Diamond Point – AHVA Koerner Artist in Residence 2022



Diamond Point, wəɬ m̓i ct q̓pəθət tə ɬniməɬ, 2020, lamppost banners installed along Main Mall as part of Soundings: An Exhibition in Five Parts (September 6-December 6, 2020) at the Morris and Helen Belkin Art Gallery, University of British Columbia. Photo: Rachel Topham Photography.

The Department of Art History, Visual Art and Theory (AHVA) at the University of British Columbia is pleased to announce Diamond Point (Musqueam) as the new Koerner Artist in Residence. During her residency (September 1 to December 31, 2022), Point will be working in a studio at the Audain Art Centre, present work as part of the Faculty and Staff Exhibition at the AHVA Gallery, and give a public artist talk on her work on October 19, 2022 at 5:30 p.m. in Lasserre 104.

“What appeals to me most about the residency is the opportunity to connect with myself as an artist and Musqueam person. Being at UBC, in proximity to my home community, it feels like home. The residency will provide opportunities to convey, to faculty, students, and the UBC community, the longstanding history and connections that Musqueam people have to this territory. Any opportunity to teach this and to bring aspects of history and language into awareness, through my work, is what drives me as an artist.”

Diamond Point is an artist and educator. She was born and raised on the Musqueam First Nation, and is currently based in Ladner. She is a graduate of UBC’s Indigenous Teacher Education Program in the Faculty of Education, and leads Indigenous governance learning at West Point Grey Academy as the Indigenous Education Coordinator. Point has been involved with numerous cultural mentorship programs, such as the Native Youth Program at the Museum of Anthropology, Gathering Our Voices workshops, and, more recently, a Canoe Awakening Ceremony with Delta School District. At West Point Grey Academy, Point teaches Contemporary Indigenous Studies 12 and Social Studies 10.

Point’s recent projects have often been site-specific and developed for installation in the public sphere, reaching broad audiences. Her works incorporate Musqueam and Coast Salish design elements passed down from her ancestors since time immemorial, while addressing issues of territorial justice and protocols that continue to the present day. Point’s recent public banner work, wəɬ m̓i ct q̓pəθət tə ɬniməɬ, was exhibited as part of the exhibition Soundings at the Morris and Helen Belkin Art Gallery in 2020, and remained in place until September 2022. The banners were hung in a sequence on the lampposts along UBC’s Main Mall from James Hart’s Reconciliation Pole to the plaza just beyond the Belkin Gallery. Incorporating the visual motifs of raised canoe paddles, the work harkened the traditional protocol of visitors to the land identifying themselves and awaiting permission and welcome before coming ashore.

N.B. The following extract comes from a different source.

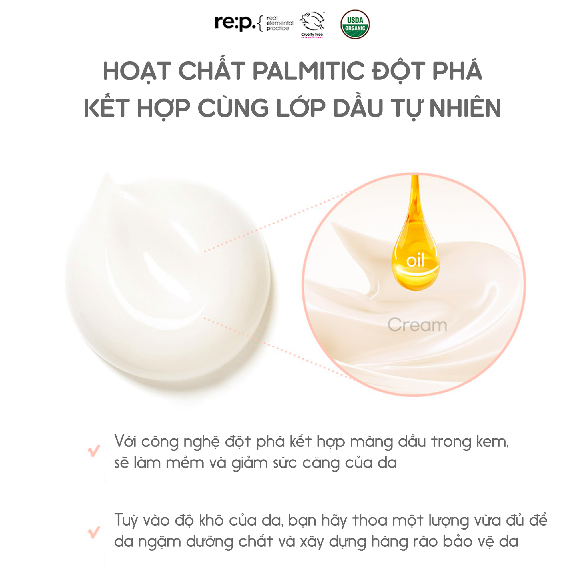 - Kem Dưỡng Giảm Rạn, Săn Chắc Da Re:p Natural Herb Ultra Firming Stretch Cream hiện tại đã có mặt tại Garden Shop với thành phần Palmitic Acid giúp làm mềm và làm dịu da. Đồng thời đóng vai trò là tác nhân khóa ẩm tạo thành một lớp màng bảo vệ trên bề mặt da từ đó ngăn chặn sự thoát hơi nước của da và tăng cường Hydrat hóa da. Ngoài ra còn chăm sóc da bằng cách giúp phục hồi chức năng hàng rào bảo vệ tự nhiên của da.

Diamond Point’s work has been recently exhibited at the Museum of Anthropology, Totem Park Residences, Patagonia Vancouver, Vancouver Art Gallery, Vancouver Mural Festival, Morris and Helen Belkin Art Gallery, and Capture Photography Festival.

The Koerner Artist in Residence Program in the Department of Art History, Visual Art and Theory is made possible by the generous support of the Koerner Foundation and a private BC-based foundation. Past Koerner Artists in Residence were Germaine Koh, Stan Douglas, and Marianne Nicolson.